Pour Jean-Jacques Gauer, le secteur ne devrait pas s'écrouler mais il sera sans doute forcé de s'adapter à ces nouvelles façon de consommer qui sont d'après lui appelées à perdurer, au moins en partie. Et d'estimer qu'il faudra au moins trois ans pour revenir à la normale.
"Cela commencera par l'augmentation du trafic aérien et les hôtels suivront, juge-t-il. Mais certaines manifestations ne se tiendront plus. On le voit à Genève mais aussi à Bâle où des choses se sont arrêtées. Je pense que les gens vont s'adapter à cette nouvelle situation (...) ils ont pris d'autres moyens de communication, d'autres façons d'échanger et je pense qu'une partie de ces choses vont rester."

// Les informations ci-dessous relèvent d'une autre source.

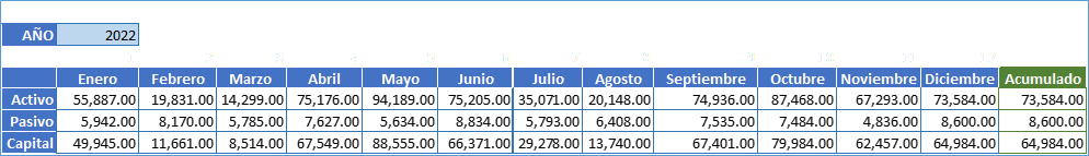 Tenemos una tabla que muestra los valores acumulados, como se muestra en la siguiente imagen. Cuando seleccionamos un año anterior muestra el acumulado hasta el mes de diciembre como se muestra en la imagen siguiente.
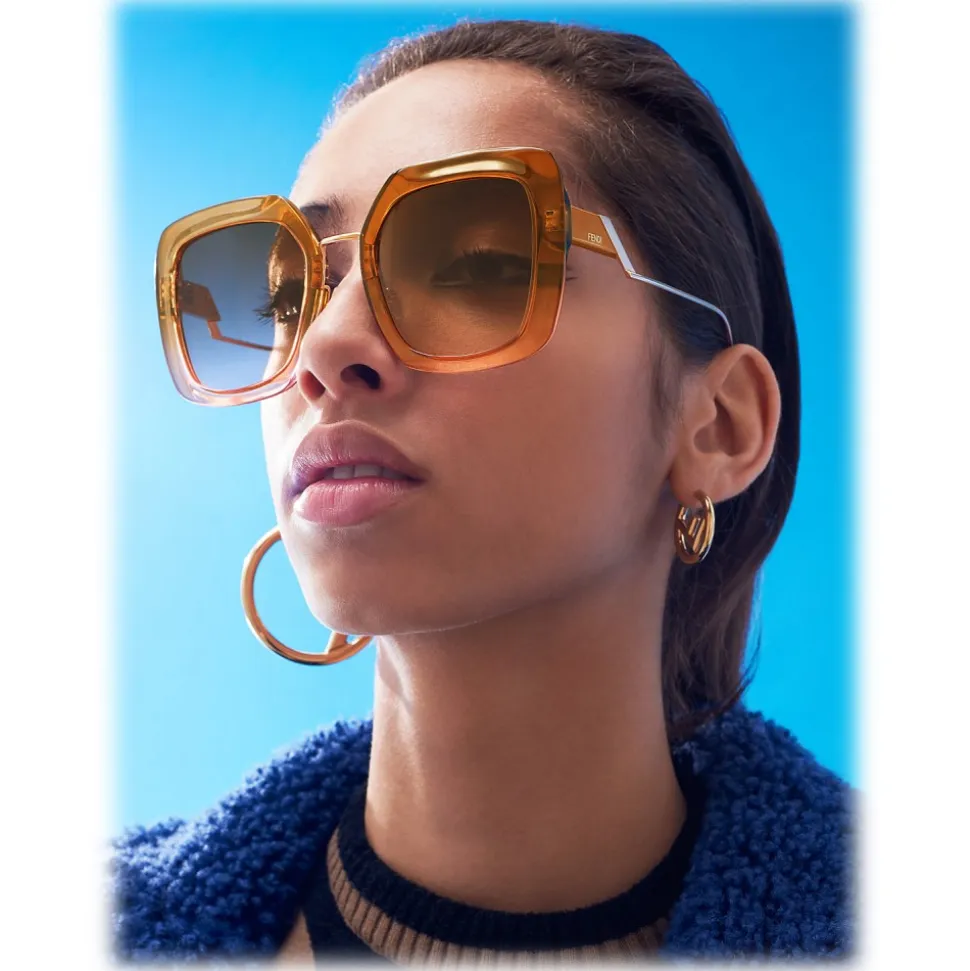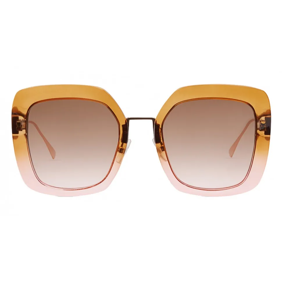 Tropical Shine sunglasses with an oversized squared shape, inspired by the geometries of Italian Futurism. The model has adjustable nose pads and metal rods with an iconic angled shape. Made of acetate with a dégradé effect in shades of brown and pink. The metal rods with rose gold finish are enriched by a brown color block detail and personalized with the Fendi logo. Brown and pink gradient lenses.
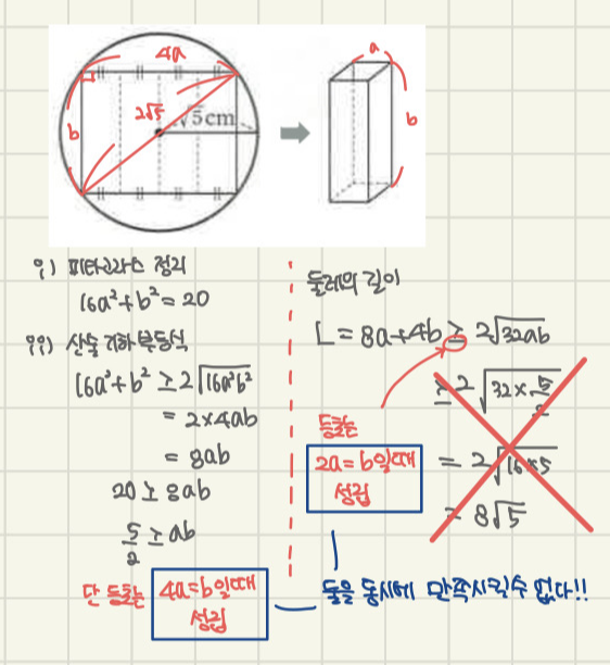 산술기하 부등식을 풀 때, 최댓값 or 최솟값을 구할 때, 반드시 등호 조건이 성립하는지 따져보셔야 합니다.
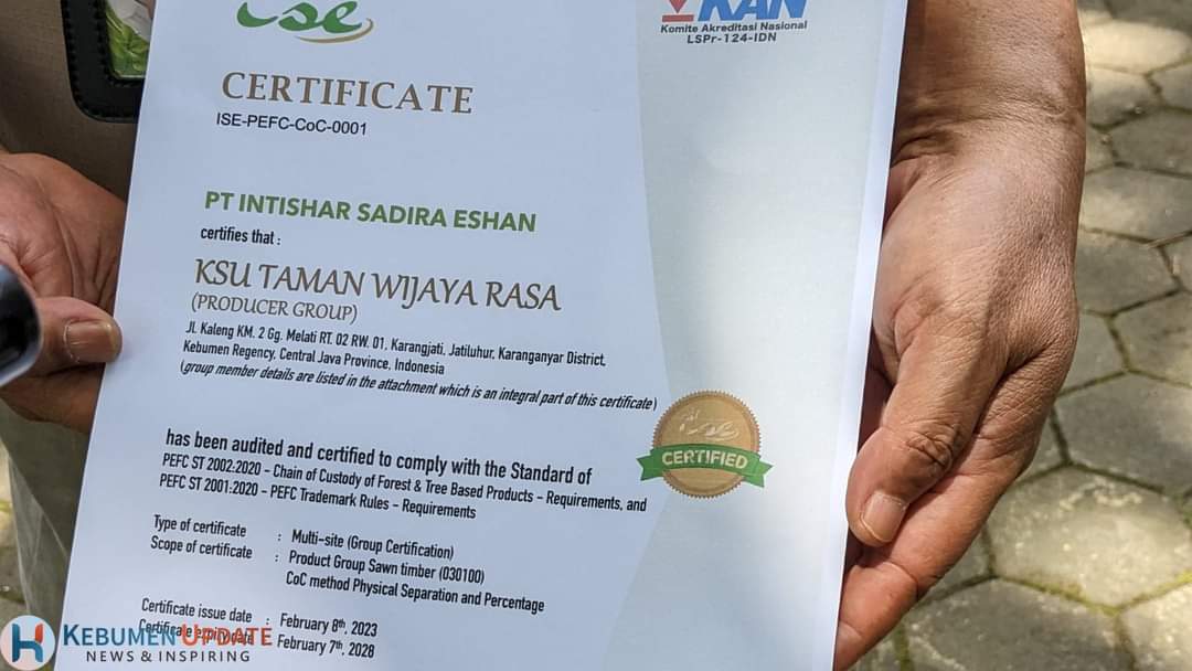 KARANGANYAR (KebumenUpdate.com) – Sebagai koperasi yang bergerak di bidang penjualan kayu bersertifikat, Koperasi Serba Usaha Taman Wijaya Rasa (Kostajasa) telah mendapatkan sertifikat berskala internasional sejak tahun 2009 yaitu Forest Stewardship Council (FSC).
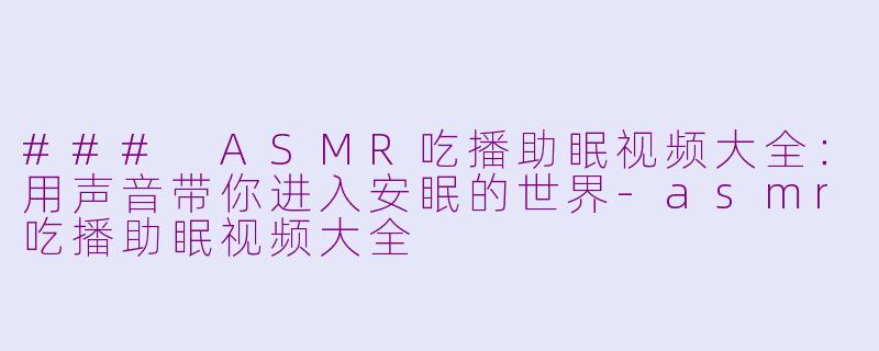 ### ASMR吃播助眠视频大全:用声音带你进入安眠的世界

Pour répondre à ces nouveaux phénomènes, Jean-Jacques Gauer plaide pour une hôtellerie "plus adaptée" et "plus raisonnée". Il reconnaît que dans certains endroits du pays, et également en Suisse romande, il y a eu une "surcapacité d'hôtels", avec un secteur peut-être un peu trop "optimiste".
"Pour l'ouverture d'un hôtel, il faut compter une décennie. Il faut donc réaliser que la perspective à l'époque n'était pas la même qu'aujourd'hui. Mais c'est pareil pour l'aviation ou pour les destinations balnéaires. Je pense qu'il faut devenir plus raisonnable dans ce qu'on fait.".
Vers la création d'un think tank
Pour essayer d'anticiper au mieux ces changements à venir, le président de l'Association romande des hôteliers évoque la création d'un groupe de réflexion.
"L'hôtellerie urbaine est la plus touchée dans cette histoire-là. Dans les prochaines semaines, nous allons créer un think tank où des personnes réfléchiront à savoir ce que ce secteur va devenir après la pandémie, que ce soit pour les cinq, les quatre, les trois ou les deux étoiles; une fois que tout le monde aura été vacciné et que les choses pourront reprendre peu à peu."
Mais pour Jean-Jacques Gauer, une chose apparaît déjà clairement. Le secteur va vers une réduction car d'après lui, les gens vont continuer à consommer plus local: "Ils vont rester davantage ici avant de partir à l'autre bout du monde. On a de très belles choses ici, et on peut également se relaxer. Je suis persuadé que ce changement d'habitudes va rester."